2. Identification and Evaluation of Major Hazards
Systematic hazard identification and risk evaluation — HAZID, HAZOP, LOPA, bowtie analysis, consequence modelling — supporting the ALARP demonstration for human risk and the BAT demonstration for environmental risk. The MAPP must state that these methods are used and link to the SMS procedures that implement them. For a lower-tier site, proportionality matters: the Competent Authority does not expect a full quantified risk assessment of every scenario, but it does expect a systematic, auditable process that has produced the list of credible major-accident scenarios the rest of the MAPP is linked to.
3. Operational Control
The procedures that keep the plant inside its safe operating envelope. Safe operating procedures (SOPs), safety-critical task analysis, permit-to-work systems, shift handovers, control of ignition sources in flammable atmospheres, and plant integrity arrangements including inspection, testing, and maintenance of safety-critical elements (SCEs). The MAPP statement here is policy-level — a commitment to formal operational control. The SMS procedures are where the detail lives. Watch the link between the two: an MAPP that mentions permits without a permit system on the ground is the single most common finding in this area.

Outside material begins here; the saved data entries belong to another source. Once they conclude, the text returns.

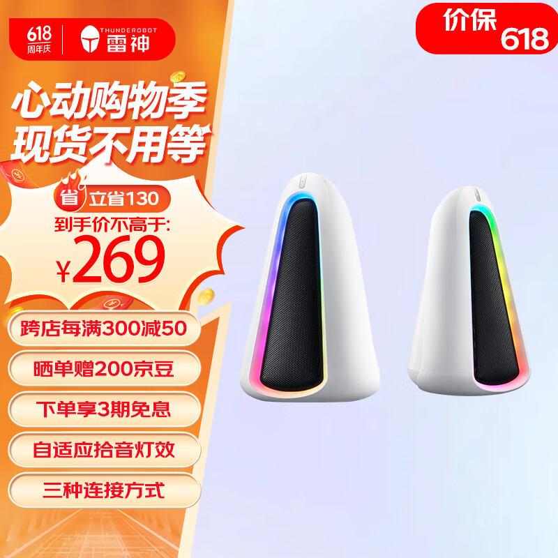 雷神(ThundeRobot)S10pro 重力场双模立体声桌面游戏音箱 2.0电竞音响低音炮蓝牙5.3电脑多媒体家用音箱RGB灯效价格:319.00元!
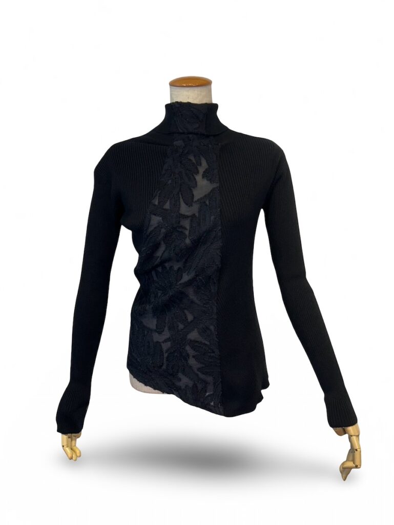 中に着るものが透けるタートルニット。下に着る物で変わりますよね。
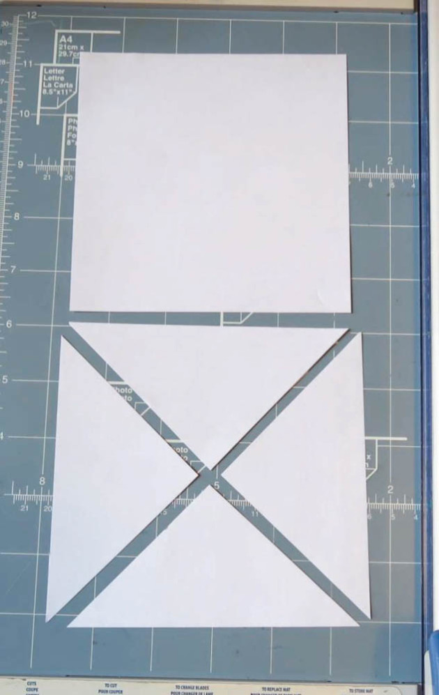 Cut copy weight white paper 4.75” x 4.75”; cut the square into triangles as shown.
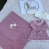 El modelo 1810 es un conjunto clásico y elegante de punto para bebé, pensado para las primeras puestas y ocasiones especiales.
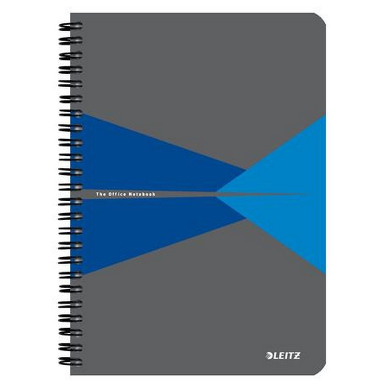 Spirálfüzet, A5, kockás, 90 lap, PP borító, LEITZ "Office", szürke-kék. - /db
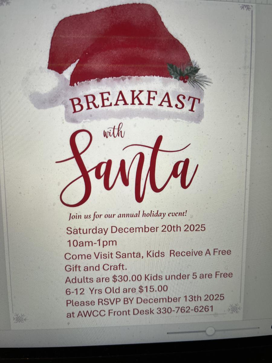 Breakfast with Santa: Saturday, December 20th from 10-2:00.
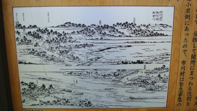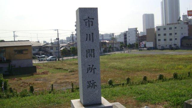 今日も良いお天気でした。一段落した暑さがまたぶり返してきたようで、今年の夏はまだまだ続きそうです。先日の中断地点である京成江戸川駅から佐倉街道の歩きを再開します。終点の佐倉城址公園までは未だ30km以上あります。今日中に辿りつけるでしょうか?江戸川駅から駅前通りを少し進んで、国道14号線に出ます。直ぐに江戸川を市川橋で渡ります。江戸時代には幕府の方針で橋が架けられなかったため、佐倉街道は小岩と市川の間を舟で渡っていたのだそうです。実際に使われた渡舟場の場所は度重なる江戸川の改修でもはや特定できなくなりましたが、千葉県側の土手の上には「市川関所跡」の案内板が建てられています。佐倉街道は房総大名の参勤交代にも使われたそうですが、馬や荷物を渡し舟で運ぶには大変な労力を要したことでしょう。
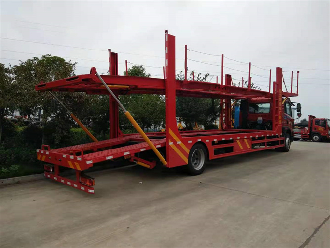 此款5位轎車運(yùn)輸車是一款比較經(jīng)典的車型,他的尾部可以采用液壓油缸或鏈條式兩種結(jié)構(gòu),各有千秋。
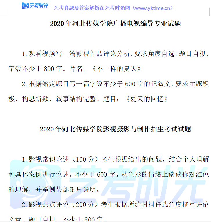 2020年河北传媒学院广播电视编导专业试题
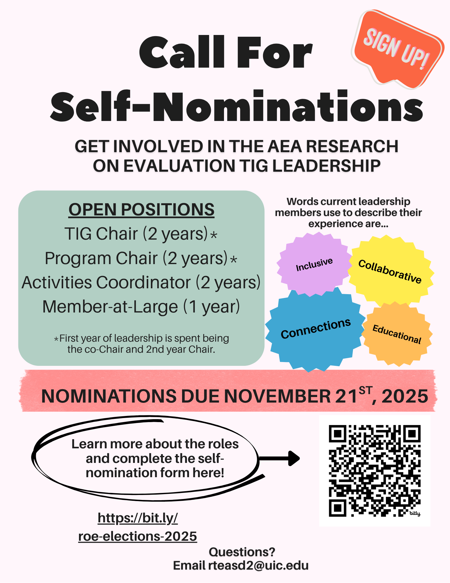 In 2019, the Research on Evaluation TIG held a number of discussions about what RoE means to the group. These two definitions and understandings rose to the top. Our understanding of what research on evaluation is (and isn't) is constantly evolving and we need your voice to help us!

4. Management of Change (MoC)
Temporary and permanent modifications to plant, process, substance, procedure, or personnel have a specific procedural requirement under Schedule 2. The MAPP must commit to a formal management of change process with pre-startup safety review (PSSR) before modified plant is returned to service. The failure pattern I see repeatedly is a MoC procedure that captures engineering changes well but misses organisational change — a shift-pattern restructure, a reduction in operator numbers, an outsourced maintenance contract — even though these can affect major-accident risk just as much as a replaced vessel.
5. Planning for Emergencies
The MAPP must commit to a documented emergency response capability proportionate to the major accidents identified. For lower-tier sites this is primarily the on-site emergency plan, tested at a frequency defined in the SMS. For upper-tier sites the MAPP must also commit to providing the information the local authority needs to produce the off-site emergency plan, and to participating in combined drills. The Regulations set no universal test frequency — it is risk-based — but inspectors expect the test frequency, the scope of drills, and the lessons-learned loop to be written down and followed.
6. Monitoring Performance
Leading and lagging process safety indicators, incident and near-miss reporting, the performance of safety-critical elements against their performance standards, and the status of corrective actions. The HSE / Chemical Industries Association publication HSG254 — Developing Process Safety Indicators — is the reference framework the Competent Authority expects operators to work against. The MAPP must commit to the principle; the SMS must evidence the KPIs. Relying on lagging data alone — LTIs, reportable incidents — has been a specific finding in a succession of CA inspections, because by the time lagging data moves, the control gap has already existed for some time.
7. Audit and Review
Systematic independent audit of the SMS, management review of the audit findings, and review of the MAPP itself at defined intervals. The MAPP must commit to a review cycle — at least every five years, and immediately after any significant modification or major incident — and must commit to documented corrective action for the findings. A revision history page in the MAPP itself is evidence of this element being implemented, and its absence is one of the quickest ways to signal to an inspector that the policy has not actually been reviewed since it was signed off.
What a Compliant MAPP Document Actually Looks Like
A well-written MAPP does not need to be long. For a lower-tier site with a single qualifying substance inventory, the document frequently runs to four or five pages plus a short set of appendices referencing the SMS procedures. For an upper-tier multi-unit establishment, ten to fifteen pages inside the safety report is typical. Length is not the test. Specificity is.
The document structure below is the one I draft against and the one I have seen hold up in front of Competent Authority inspectors at COMAH upper-tier chemicals sites. It maps each section to the Regulation 7 / Schedule 2 requirements.
- Statement of intent and scope. A short opening section identifying the operator, the establishment, the COMAH tier, and the scope of the policy. The statement of intent addresses the Regulation 7(2) outcome — a high level of protection for human health and the environment.
- Description of the establishment and its major-accident hazards. A concise description of the site, the dangerous substances held, the qualifying basis under Schedule 1, and the list of credible major-accident scenarios identified through the hazard identification process. This is the section that anchors the rest of the MAPP to the specific site.
- Aims and principles of action. The Regulation 7(4) core. This is where the operator commits to ALARP, to BAT, to the hierarchy of control (elimination, substitution, engineering, administrative, PPE) applied to major-accident hazards, and to preventative rather than reactive risk management.
- Roles and responsibilities. Named senior accountability, the chain of responsibility down through line management, the role of safety-critical staff, and the consultation arrangements for the workforce.
- Summary of the SMS for each Annex III element. Two or three short paragraphs per element, each referencing the underlying SMS procedure by document number. This is the single biggest drafting discipline — the MAPP summarises, the SMS procedures carry the detail.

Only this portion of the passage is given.